Os dias foram passando. A relação entre os dois já não era mais a mesma. Ele cobrava dela uma perfeição, dentro dos moldes do Manual do Bom Dominador, e seguia cada linha à risca. Ela foi se anulando, por amor a Ele, que se importava agora somente com sua postura perante a comunidade, se esquecendo de tudo aquilo que antes havia desejado. Já não havia mais compreensão. Já não havia mais cumplicidae. Já não havia mais felicidade.
Aos poucos, Ele foi deixando de sentir prazer em estar em companhia dela. Ela não mais dialogava. Não riam mais juntos. O servir havia se tornado uma obrigação, não mais um prazer. E Ele então foi se afastando.
Ela, vendo que a cada dia seu amado estava mais distante, foi entristecendo cada vez mais. Lembrava-se das palavras das outras subs, e tentava se anular totalmente para que seu Senhor voltasse a lhe amar como antes. Mas, vendo seus esforços inúteis, sua alma adoeceu.
Um dia, não aguentando mais a pressão, tentou dialogar com Ele, ver onde foi que errou, onde o caminho se perdera. Ele foi grosseiro com ela. Disse que ela não poderia questionar nada. Ela respondeu que estava sendo sincera quando falava de seus sentimentos.
- Não me interessa sua honestidade. A mim, só interessa a sua postura!
Nesse momento ela começou a chorar. Chorava copiosamente. E sua tristeza era tão profunda que os elementais da floresta onde ela vivera se compadeceram dela e fizeram com que ela se dissolvesse em suas lágrimas, que escorreram formando um rio de prata que separou o Reino da floresta.
Ele, ao ver o Seu grande sonho se desfazer a Sua frente, deu um grito terrível de dor e tentou reter a água, que um dia foi aquela sub que Ele tanto desejara e a quem amava profundamente. Em vão! Como todo rio segue seu curso, ela também já havia seguido para o mar. Como tinha sido tolo em ouvir Seus pares! Afinal, o jogo era Dele, e as regras também deveriam ser!
Ele, então, largou tudo, despiu Suas vestes e se embrenhou na floresta etntando encontrá-la. Os sussurros, trazidos pelo vento nas copas das árvores, que se escuta na floresta, é o seu lamento de dor.
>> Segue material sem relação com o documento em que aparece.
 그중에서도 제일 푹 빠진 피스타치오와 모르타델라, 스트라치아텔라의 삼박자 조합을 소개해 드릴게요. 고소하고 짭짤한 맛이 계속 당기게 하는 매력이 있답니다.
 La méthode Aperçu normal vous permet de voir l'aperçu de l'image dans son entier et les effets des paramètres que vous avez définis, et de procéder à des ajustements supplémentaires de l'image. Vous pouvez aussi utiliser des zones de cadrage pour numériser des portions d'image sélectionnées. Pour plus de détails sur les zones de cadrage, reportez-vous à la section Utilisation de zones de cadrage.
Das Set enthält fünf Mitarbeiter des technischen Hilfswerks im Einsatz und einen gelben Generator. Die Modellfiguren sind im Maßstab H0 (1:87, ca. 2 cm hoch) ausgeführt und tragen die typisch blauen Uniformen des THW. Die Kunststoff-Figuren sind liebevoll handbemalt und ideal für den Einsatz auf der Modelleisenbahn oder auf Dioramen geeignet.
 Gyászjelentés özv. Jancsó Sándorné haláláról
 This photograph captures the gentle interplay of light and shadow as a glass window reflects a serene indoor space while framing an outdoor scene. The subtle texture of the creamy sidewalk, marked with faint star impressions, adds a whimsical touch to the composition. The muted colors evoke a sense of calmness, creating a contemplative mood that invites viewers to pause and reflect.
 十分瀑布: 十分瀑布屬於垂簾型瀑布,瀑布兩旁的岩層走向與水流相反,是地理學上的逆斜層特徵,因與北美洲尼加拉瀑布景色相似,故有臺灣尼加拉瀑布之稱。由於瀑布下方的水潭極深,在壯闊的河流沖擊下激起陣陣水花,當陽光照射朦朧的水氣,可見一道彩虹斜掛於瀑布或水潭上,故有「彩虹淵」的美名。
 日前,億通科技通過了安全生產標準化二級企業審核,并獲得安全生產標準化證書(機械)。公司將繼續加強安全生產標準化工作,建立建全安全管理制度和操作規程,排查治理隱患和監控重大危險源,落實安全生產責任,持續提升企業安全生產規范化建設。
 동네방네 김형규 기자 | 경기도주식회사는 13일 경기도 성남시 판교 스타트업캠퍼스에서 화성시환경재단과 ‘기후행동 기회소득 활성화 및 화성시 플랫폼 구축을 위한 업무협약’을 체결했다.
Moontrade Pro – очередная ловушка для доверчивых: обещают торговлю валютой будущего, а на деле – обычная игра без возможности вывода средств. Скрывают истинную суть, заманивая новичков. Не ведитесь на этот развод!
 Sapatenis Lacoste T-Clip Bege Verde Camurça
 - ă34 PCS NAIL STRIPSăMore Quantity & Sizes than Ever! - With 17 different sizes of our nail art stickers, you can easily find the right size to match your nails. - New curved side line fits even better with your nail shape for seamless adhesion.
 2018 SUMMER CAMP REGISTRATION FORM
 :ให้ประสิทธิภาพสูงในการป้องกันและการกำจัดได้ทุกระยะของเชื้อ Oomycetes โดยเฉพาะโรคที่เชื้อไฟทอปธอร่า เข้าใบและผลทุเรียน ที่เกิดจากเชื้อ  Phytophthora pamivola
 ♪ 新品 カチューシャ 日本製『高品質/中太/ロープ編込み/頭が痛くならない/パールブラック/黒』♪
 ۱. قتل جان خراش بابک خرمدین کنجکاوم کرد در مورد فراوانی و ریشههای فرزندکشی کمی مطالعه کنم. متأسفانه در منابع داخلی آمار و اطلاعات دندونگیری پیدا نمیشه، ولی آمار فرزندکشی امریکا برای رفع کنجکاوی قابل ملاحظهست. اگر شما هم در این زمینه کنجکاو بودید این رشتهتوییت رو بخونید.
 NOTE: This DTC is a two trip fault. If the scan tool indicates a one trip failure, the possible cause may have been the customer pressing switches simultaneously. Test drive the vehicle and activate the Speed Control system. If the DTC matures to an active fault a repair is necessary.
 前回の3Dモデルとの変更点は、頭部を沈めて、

E nas noites de luar, podemos perceber a sub da floresta, transformada em espuma de prata por sobre as ondas, indo e voltando. Se mantem à distância, na escuridão da água fria do oceano e ao ouvir o chamado daquele a quem entregou sua alma, pensa em voltar, pois seu amor por Ele é imenso. Mas então, se lembra de toda a dor, e retrocede.
E é por isso que as ondas vem e vão. Eternamente!